# Work item
Go through the records underneath and count the lines that include the string "used". Give nothing but the number.

# Available records
-*-*-

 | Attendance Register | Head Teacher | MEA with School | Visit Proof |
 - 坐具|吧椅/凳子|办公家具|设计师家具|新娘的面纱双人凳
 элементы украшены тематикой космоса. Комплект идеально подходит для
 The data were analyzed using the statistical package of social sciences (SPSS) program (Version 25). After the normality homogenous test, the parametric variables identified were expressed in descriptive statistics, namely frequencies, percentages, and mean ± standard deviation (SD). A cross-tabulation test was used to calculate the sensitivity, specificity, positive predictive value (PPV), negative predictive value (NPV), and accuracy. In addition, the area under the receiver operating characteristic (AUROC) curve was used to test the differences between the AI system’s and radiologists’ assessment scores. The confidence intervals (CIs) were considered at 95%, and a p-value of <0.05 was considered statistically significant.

-*-*-

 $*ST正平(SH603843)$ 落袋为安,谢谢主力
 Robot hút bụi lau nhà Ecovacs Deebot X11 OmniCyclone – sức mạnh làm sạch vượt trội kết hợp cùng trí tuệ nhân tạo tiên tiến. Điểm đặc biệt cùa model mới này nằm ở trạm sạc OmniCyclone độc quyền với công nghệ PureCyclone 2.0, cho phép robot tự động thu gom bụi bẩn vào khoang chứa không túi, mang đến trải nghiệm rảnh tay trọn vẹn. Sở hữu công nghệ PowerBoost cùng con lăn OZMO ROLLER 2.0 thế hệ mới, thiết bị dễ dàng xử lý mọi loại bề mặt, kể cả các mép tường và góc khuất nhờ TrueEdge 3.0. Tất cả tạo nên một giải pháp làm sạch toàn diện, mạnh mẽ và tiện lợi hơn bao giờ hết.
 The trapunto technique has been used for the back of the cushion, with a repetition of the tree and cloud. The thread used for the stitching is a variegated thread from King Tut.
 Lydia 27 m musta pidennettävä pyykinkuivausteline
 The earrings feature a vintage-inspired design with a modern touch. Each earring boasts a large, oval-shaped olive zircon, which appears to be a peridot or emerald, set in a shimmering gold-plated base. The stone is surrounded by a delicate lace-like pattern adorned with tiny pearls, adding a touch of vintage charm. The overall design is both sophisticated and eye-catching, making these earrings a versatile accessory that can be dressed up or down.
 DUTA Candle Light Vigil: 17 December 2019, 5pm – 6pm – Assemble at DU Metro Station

-*-*-

# Reply to the exercise
2